Эти драгоценности Бога, бедные, по-прежнему рассматриваются как простые камни улицы; но как камни, которые иногда могут летать. Если будет угодно Богу, вы и я можем увидеть, как некоторые из камней снова полетят, прежде чем мы увидим смерть. Но здесь я лишь отмечаю интересный факт, что завоеванные почти всегда завоевывают. Спарта убила Афины последним ударом, и она родилась снова. Спарта ушла победоносной и медленно умерла от своих собственных ран. Буры проиграли Южноафриканскую войну и получили Южную Африку.

И это действительно все, что мы можем сделать, когда сражаемся с чем-то, что действительно сильнее нас; мы можем нанести ему смертельную рану в один момент; оно наносит нам смерть в конце. Это кое-что, если мы можем потрясти и поколебать бездумный импульс и огромную невинность зла; точно так же, как камешек на железной дороге может пошатнуть шотландский экспресс. Достаточно для великих мучеников и преступников французской революции того, что они навсегда удивили тайную слабость сильных. Они пробудили и заставили вечно прыгать и дрожать в его склепе труса в сердцах королей.

.....

Когда Джек-победитель великанов впервые увидел великана, его опыт был не таким, как принято считать. Если хотите услышать, я расскажу вам настоящую историю Джека-победителя великанов. Прежде всего, самое ужасное, что Джек впервые почувствовал по поводу великана, это то, что он не был великаном. Он шел через бесконечную лесистую равнину, и на фоне ее далекого горизонта великан был совсем маленькой фигурой, как фигура на картине — он казался просто человеком, идущим по траве. Затем Джек был потрясен, вспомнив, что трава, которую человек приминал, была одним из самых высоких лесов на этой равнине. Человек подходил все ближе и ближе, становясь все больше и больше, и в тот момент, когда он превзошел возможный рост человечества, Джек почти закричал. Остальное было невыносимым апокалипсисом.

Великан обладал одним пугающим качеством чуда; чем более он становился невероятным, тем более он становился твердым. Чем меньше можно было поверить в него, тем яснее его можно было видеть.

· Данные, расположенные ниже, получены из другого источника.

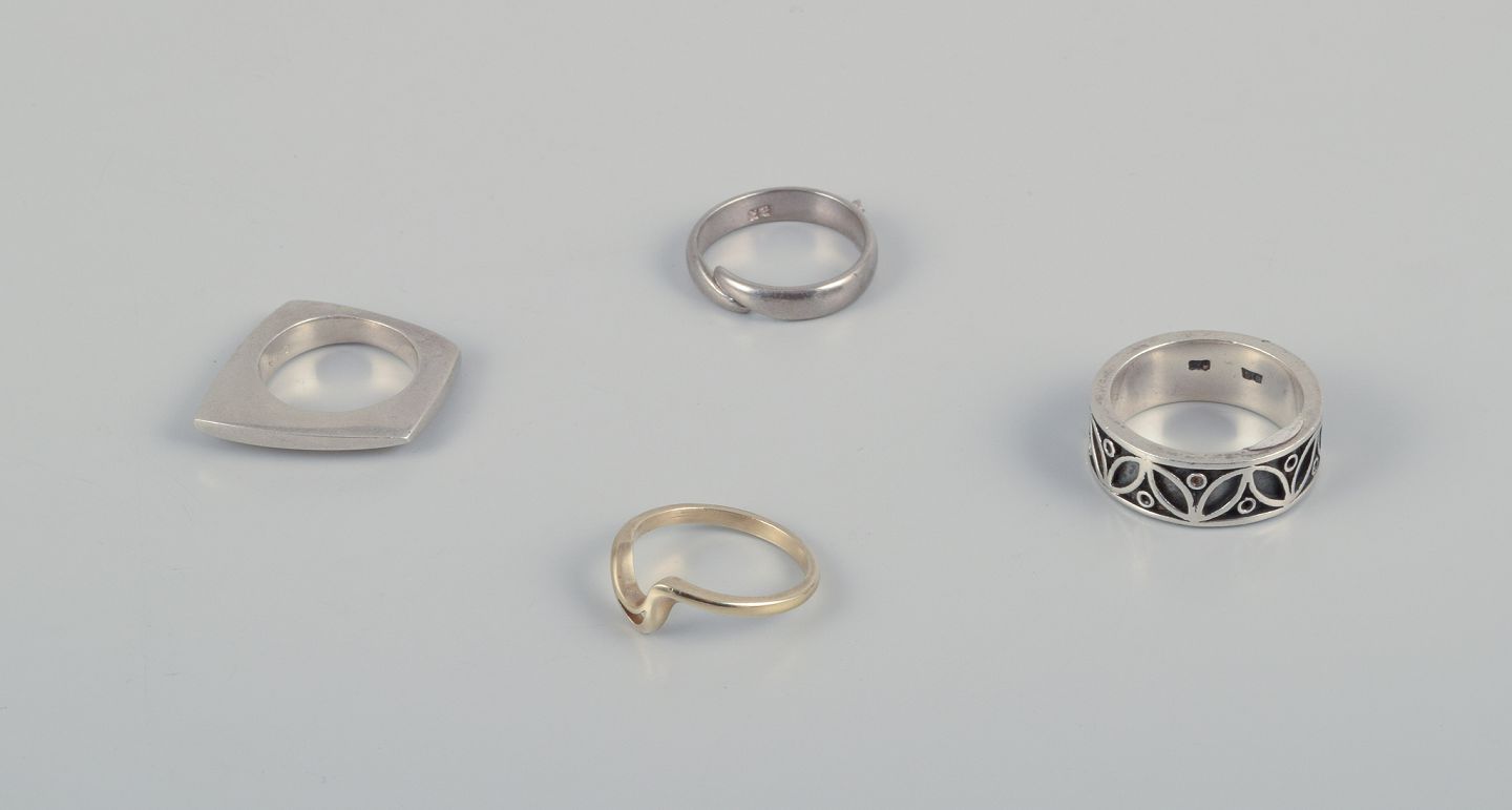 N. E. From med flere danske sølvsmede. Fire fingerringe i sterlingsølv.
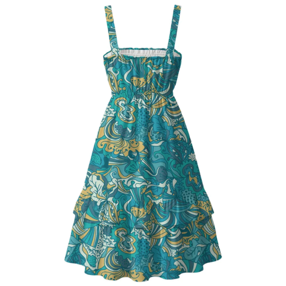 The eye-catching Masu print is a true celebration of nature's artistry, bringing whimsical florals and swirling patterns to life. A tiered, ruffled hem adds playful movement, making this dress ideal for garden parties, vacations, or sunny day strolls. Crafted from lightweight, breathable fabric, it keeps you cool and comfortable all day long.

Было невыносимо, что так много неба должно быть занято одним человеческим лицом. Его глаза, которые выделялись, как окна-эркеры, стали еще больше, и не было метафоры, которая могла бы вместить их величину; но все же это были человеческие глаза. Интеллект Джека был полностью подавлен этим огромным гипнозом лица, которое заполняло небо; его последняя надежда была затоплена, его пять чувств все еще от ужаса.

Но в нем все еще стояла своего рода холодная рыцарственность, достоинство мертвой чести, которая не хотела забывать маленький и бесполезный меч в его руке. Он бросился к одной из колоссальных ног этой человеческой башни, и когда он подошел совсем близко к ней, лодыжка выгнулась над ним, как пещера. Затем он приставил острие своего меча к стопе и налег на него всем своим весом, пока он не вошел до рукоятки и не сломал рукоятку, а затем сломался прямо под ней. И было ясно, что великан почувствовал своего рода укол, ибо он на мгновение схватил свою огромную ногу в свою огромную руку; а затем, опустив ее снова, он наклонился и уставился на землю, пока не увидел своего врага.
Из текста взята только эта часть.